The key difference between these two lines is that in the former, self stands for the immutable value of foo as of the time before entering the function for the entire body of it, whereas in the latter, self is mutable just like the inout argument—which is not allowed (when they refer to the same variable).

2 Likes

I'm afraid I don't agree your interpretation. Since it's non-mutating method, why it has to stand for the value of the global variable foo before entering the function? Shouldn't it be the value of the global variable foo throughout the execution of the modifyX()?

Yes.

The nonmutating version of modifyX is roughly equivalent to the global function

func modifyX(_ self: Foo, _ foo: inout Foo)

while the mutating version of modifyX is roughly equivalent to

func modifyX(_ self: inout Foo, _ foo: inout Foo)

. There are no exclusivity violations if self and foo are the same in the first function since only foo is passed by reference. However, the second function does violate exclusivity if self and foo are the same because both self and foo are passed by reference.

The point of the law of exclusivity is to make it such that each variable has its own contents. If two variables stored the same contents, things could get confusing. If you wrote the following code:

func bar(_ x: inout Int, _ y: inout Int) {
    x += 1
    y += 1
}

you’d probably expect to be mutating two different variables. But if you passed the same variable for both parameters (i.e. bar(&baz, &baz)), then x and y would refer to the same variable and you’d mutate the same instance twice. The law of exclusivity prevents this unexpected behavior.

Allowing variables to alias each other can also affect the compiler’s ability to optimize your code (see the “Aliasing” section of this blog post if you want more details).

3 Likes

Thanks for the clear answer. I was about to make a note of this behavior and just consider a non-mutating method as an instantaneous read to the original self, but then I find an example in SE-0176:

// CONFLICT.  Calling a non-mutating method on 'array[0]' performs a
// read access to it, and thus to 'array', for the duration of the method.
// Calling a mutating method on 'array[1]' performs a write access to it,
// and thus to 'array', for the duration of the method.  These accesses
// therefore conflict.
array[0].forEach { array[1].append($0) }

The document says this example violates the law of exclusivity, but it works well with Swift 5.5.

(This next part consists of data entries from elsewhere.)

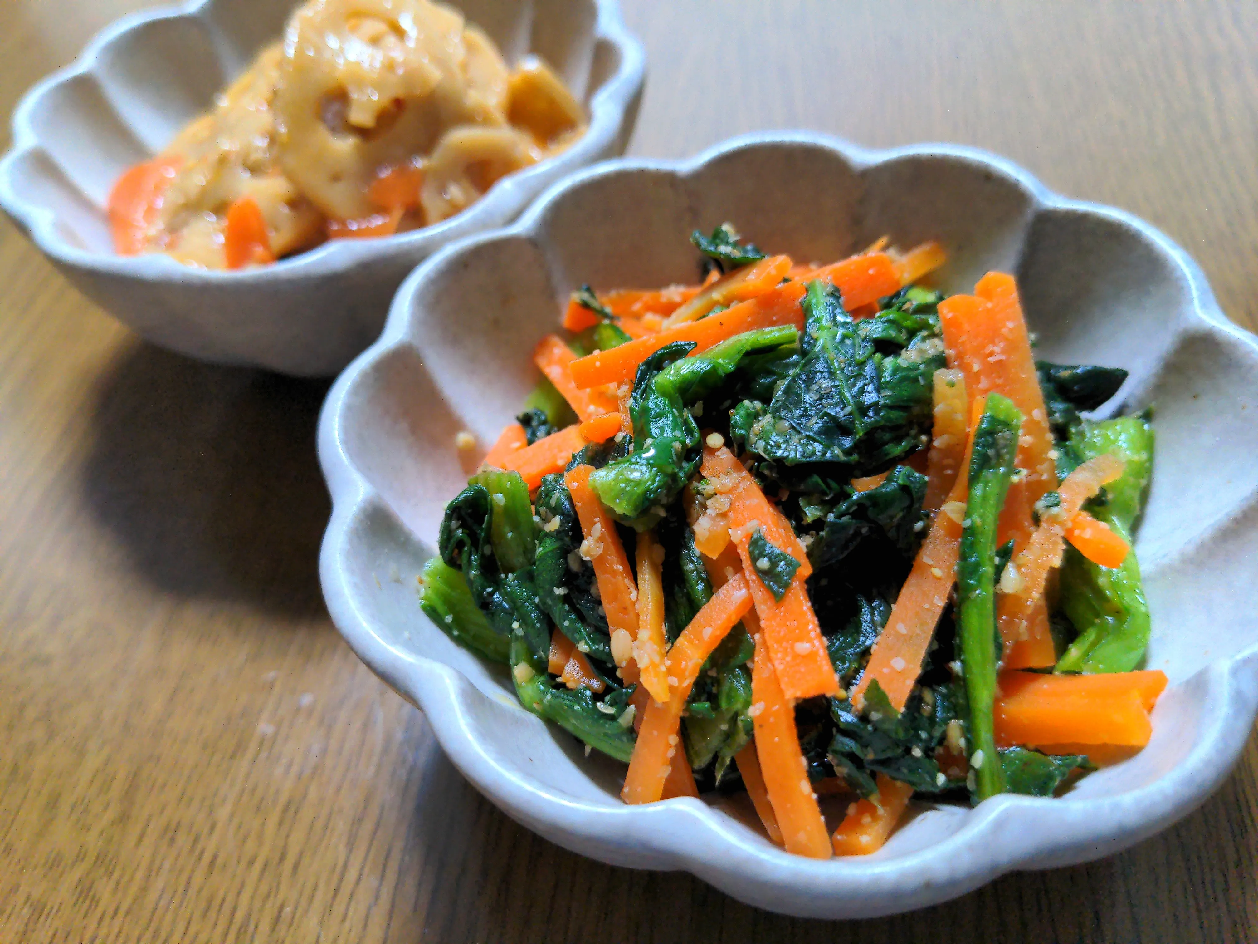 本日のおつまみは、小松菜と人参の胡麻和え&蓮根のキンピラです😊✨
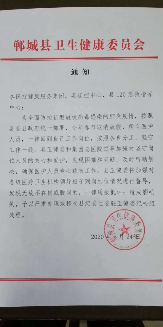 在全國疫情防控形勢(shì)較為嚴(yán)重情況下,衛(wèi)健委充分認(rèn)識(shí)到加強(qiáng)新型肺炎疫情防治工作的重要性和急迫性,于1月24下發(fā)取消全縣醫(yī)護(hù)人員春節(jié)假期的通知。要求所有醫(yī)護(hù)人員,一律回到自己工作崗位,按照各自分工,堅(jiān)守工作一線。
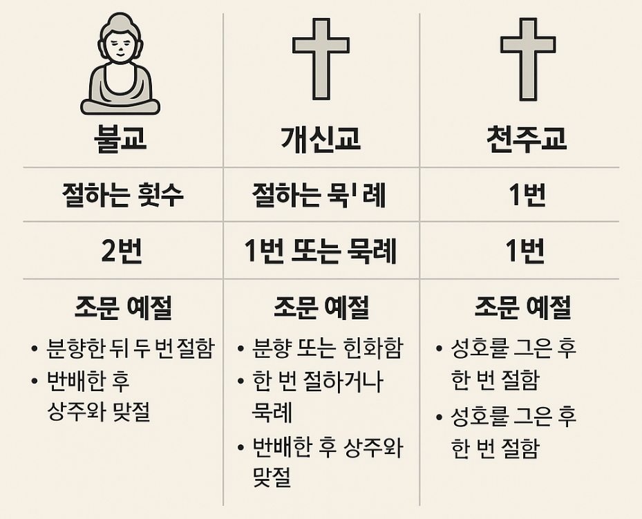 - 지나치게 특정 종교 방식을 고집하지 않고, 유가족 중심으로 행동하는 게 예의입니다.
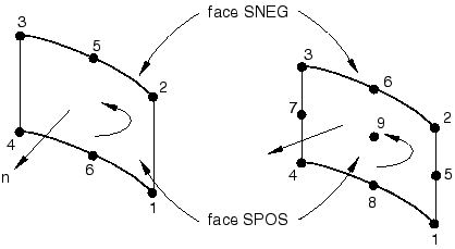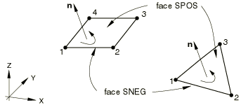 Element normal definitionThe “top” surface of a membrane is the surface in the positive normal direction (defined below) and is called the SPOS face for contact definition. The “bottom” surface is in the negative direction along the normal and is called the SNEG face for contact definition. General membrane elementsFor general membrane elements the positive normal direction is defined by the right-hand rule going around the nodes of the element in the order that they are specified in the element definition. See Figure 1. Figure 1. Positive normals for general membranes.
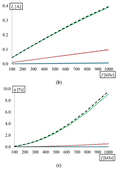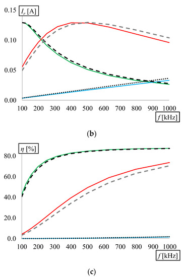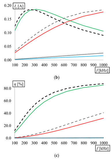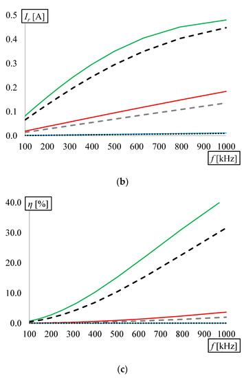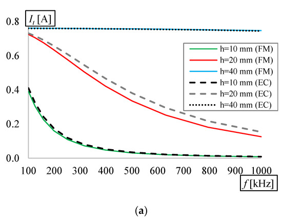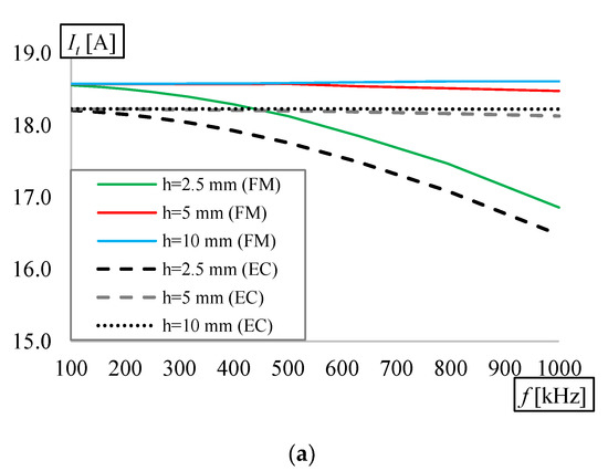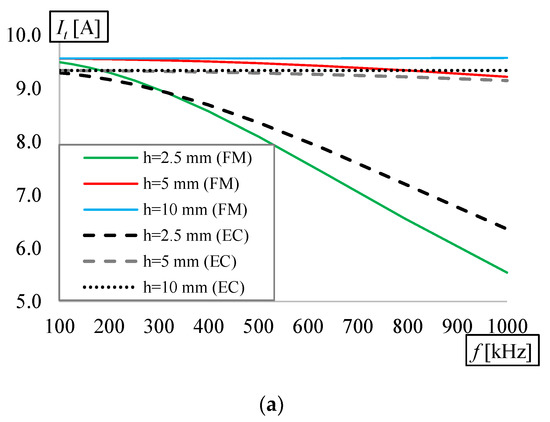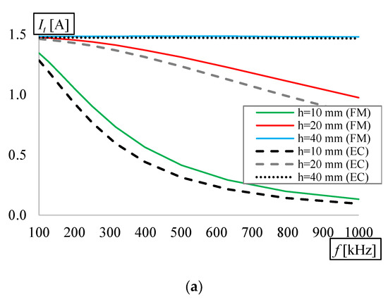 The highest efficiency and one of the best accuracies were obtained for nc = 70 (Figure 11c). The relative difference between currents for the least accurate case was 21.7% (h = 20 mm, f = 1 MHz). For the other distances, h results from FM and EC converged acceptably. Additionally, an analysis of Ir (Figure 10b and Figure 11b) at identical efficiencies, η, showed that higher power was transferred to the load when coils with nc = 30 were used. However, coils with nc = 70 achieved η ≥ 80% at lower frequencies.
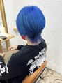 ブリーチリタッチでつなぎながらブルーをオン。カットはややえりあしを残したサイトグラのスタイル。ストレートアイロンとオイル、スプレーでキープ。
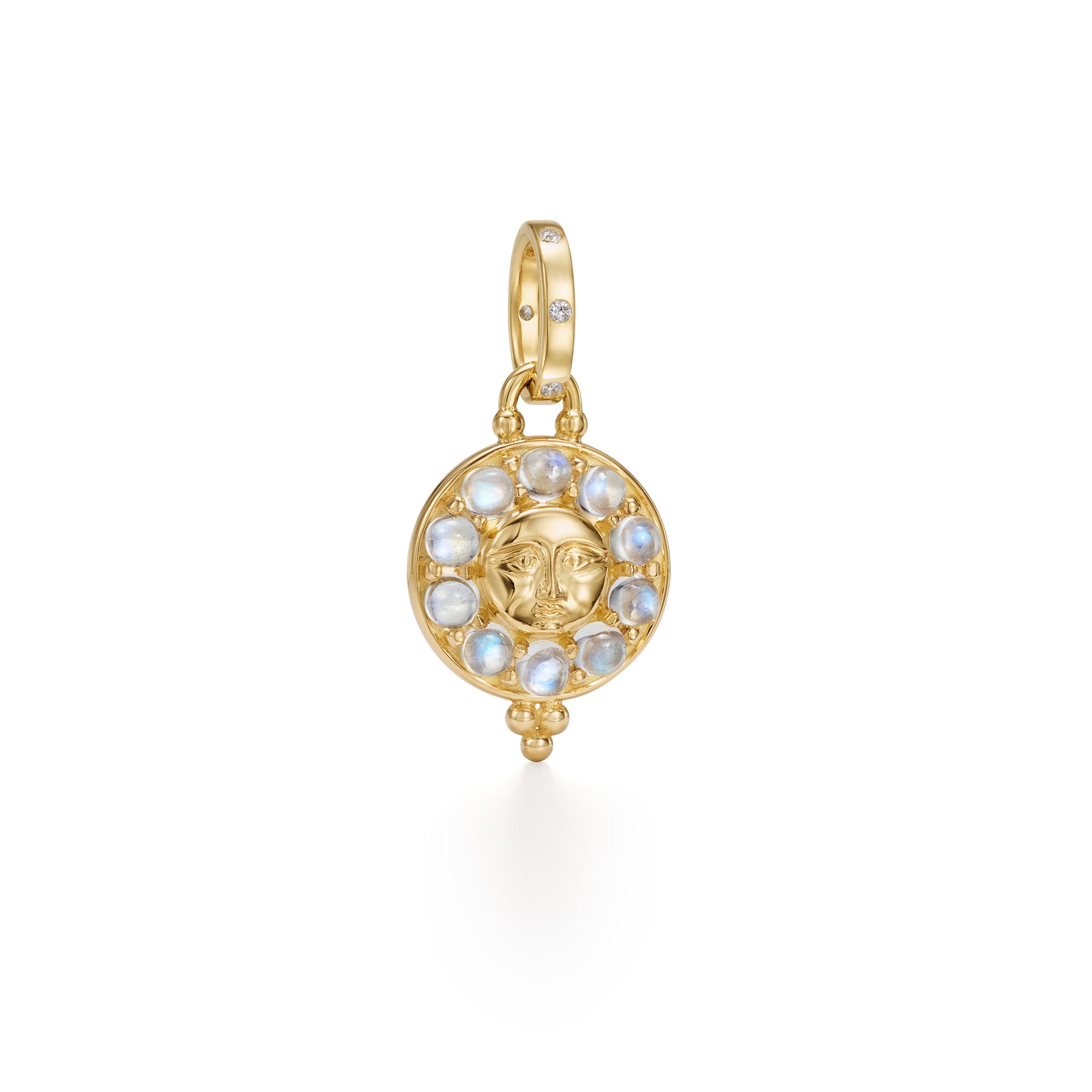 The 18K Selena Pendant glows with quiet radiance. Named for the goddess of the moon, this serene celestial face—part sun, part moon—is framed by a halo of cabochon blue moonstone. A jewel of balance and luminous grace.

I wonder what the right behavior should be?

The purpose of accessing array[0] and array[1] in the document's example is to demonstrate reading/writing an item is equivalent to reading/writing the entire array. If we remove that factor, I think @John_McCall proposed the following code should be invalid too:

array[0].forEach { array[0].append($0) }

That is very similar to the the example in my question: invoking a non-mutating function on a value and changing the original value somehow inside the function.